Curieuse époque, où le moindre geste d'un quart d'heure doit attirer des commentaires de plusieurs semaines. Où il s'agit plus de parler de ce que l'on fait, que de faire. Il existe pourtant un remède aux critiques, aux dénigrements, au café du commerce, et ce remède c'est la production. Production sociale, production artistique, production écologique, production intellectuelle. Si nous lions ces productions d'une part, et les solidarités de l'autres, avec un mouvement anticapitaliste, rien ne pourra nous stopper. C'est possible, aujourd'hui, d'y parvenir, car l'époque est moins engoncée dans des idéologies rigides et frigides.

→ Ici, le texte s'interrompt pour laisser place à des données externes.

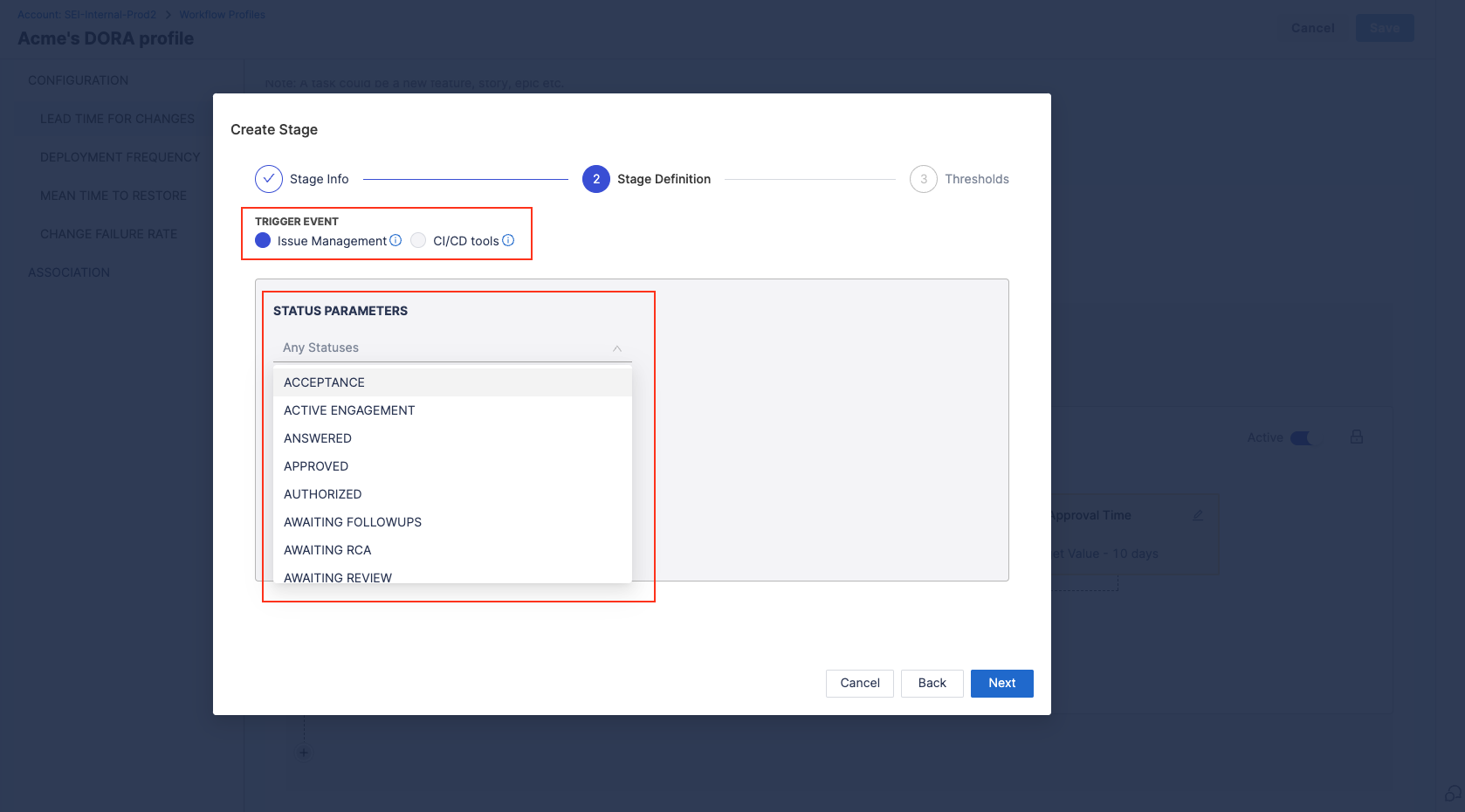 - Define the Stage Trigger Event (e.g., Issue Management) and map the stage to statuses in your issue management system.

Beaucoup de personnes ont envie de mouvement. Notre rôle en tant que militants sociaux, militants politiques c'est de fournir des amorces.
D'autres textes viendront développer les éléments présentés.
Raphaël M.
1er mai – 9 juin 2008
Merci à Nicolas et Annie, dont les pratiques et réflexions ont dégagé la voie pour ce texte.
Merci à Corinne pour son soutien et les échanges sur les pratiques associatives.